Posts Tagged ‘reports’

And then, I got in… (story of data visualization)

Thursday, December 15th, 2011

How to see the data?

If the data is numeric, and it represents some series, it will be mostly represented with a graph of some sort.  There are hundredths types of graphs available, and they all have some purpose, otherwise they would not exist.

However, for some special occasions, you have to see different kind of data.

The problem (this particular instance)

Since I am developing a internet media streaming CAPTURE and ARCHIVE application (StreamSink) I am also continuously testing it on one of my servers.  I am adding channels, removing them, stopping the server, sometimes something goes wrong and the whole thing freezes or crashes, so the archive I have is rather heterogeneous in quality.

Let me go through the operational view – the mere GUI of the StreamSink, so I can present some problems and solutions so far.

StreamSink

Several things were important to the operator of the software that had to be present on the main (status) screen.  For example:

  • whole list of channels should be visible
  • channel status should be visible at first glance
  • I am interested what happened to the system recently
  • I need to know the status of my connection
  • it would be good to know how many disk space is available

I could dwell on it but the main point of this post is something else.

The problem here is that I had to create PlayKontrol report for a demonstration purpose (for them: http://ihg.hr/), that would scan 7 days of the archive (multiple channels, of course), and produce the reports (playlists) for 300 songs.

So the problem is: to

find, in the archive that is damaged in various ways, 7 days of continuous archive that spans multiple channels.

The solution (prelude)

Since I am kind of explorer by nature, I wasn’t inclined to use a solution that would present raw data as an answer, but was into thinking about seeing the data and determining the period and channels ‘visually’.

StreamSink has a integrated feature that is called ‘archive report’, that has data similar to what I need, but with it I would only get limited information.  You can see the report here:

StreamSink Archive Report

Most useful info on the report in this particular situation would be the graph on the right side of the report.  Let me explain…

For each day StreamSink is able to record up to 24 hours of media.  Due to network situations, it sometimes is less then 24 hours, and I decided that I would present that number in the form of percentage that archive is covered for the day.  As you can see from the report, that percentage is shown for the whole archive lifetime, for last month, last week and last 24 hours.

Also, it is shown in the form of graph, where on the leftmost part of the graph is the current day, and as we go to the right, we sink onto the past, having divider lines at each 7 days.  Nice, eh? :)

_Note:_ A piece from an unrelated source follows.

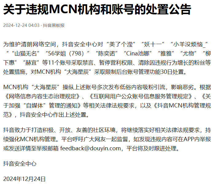 公告稱,MCN機構“大海星辰”操縱上述賬號多次發布低俗內容吸粉引流,影響惡劣。根據《網絡信息內容生態治理規定》、《互聯網用戶公眾賬號信息服務管理規定》、《關于加強“自媒體”管理的通知》等相關法律法規要求,以及《抖音MCN機構管理規范》,抖音安全中心作出上述處置。

But, as nice as that report is, I can’t read what 7 days and what channels are to be scanned – I have to find another way in.

 Solution (at last)

For this one, I picked something that I learned from the above mentioned report.  That was:

  • I will have a channel list
  • I will have some sort of calendar
  • I have to see how much is covered for the archive for each day

Also I decided to show each day as a cell in a table-style matrix, where rows would be occupied by channels, and columns will be days.  Time flow was inverted here, so left is past, and right is the present.

Whole thing looks like this:

Archive Digger

Same thing little zoomed in:

Archive Digger Detail

Note: green is the color for the days that have 90% or more archive covered.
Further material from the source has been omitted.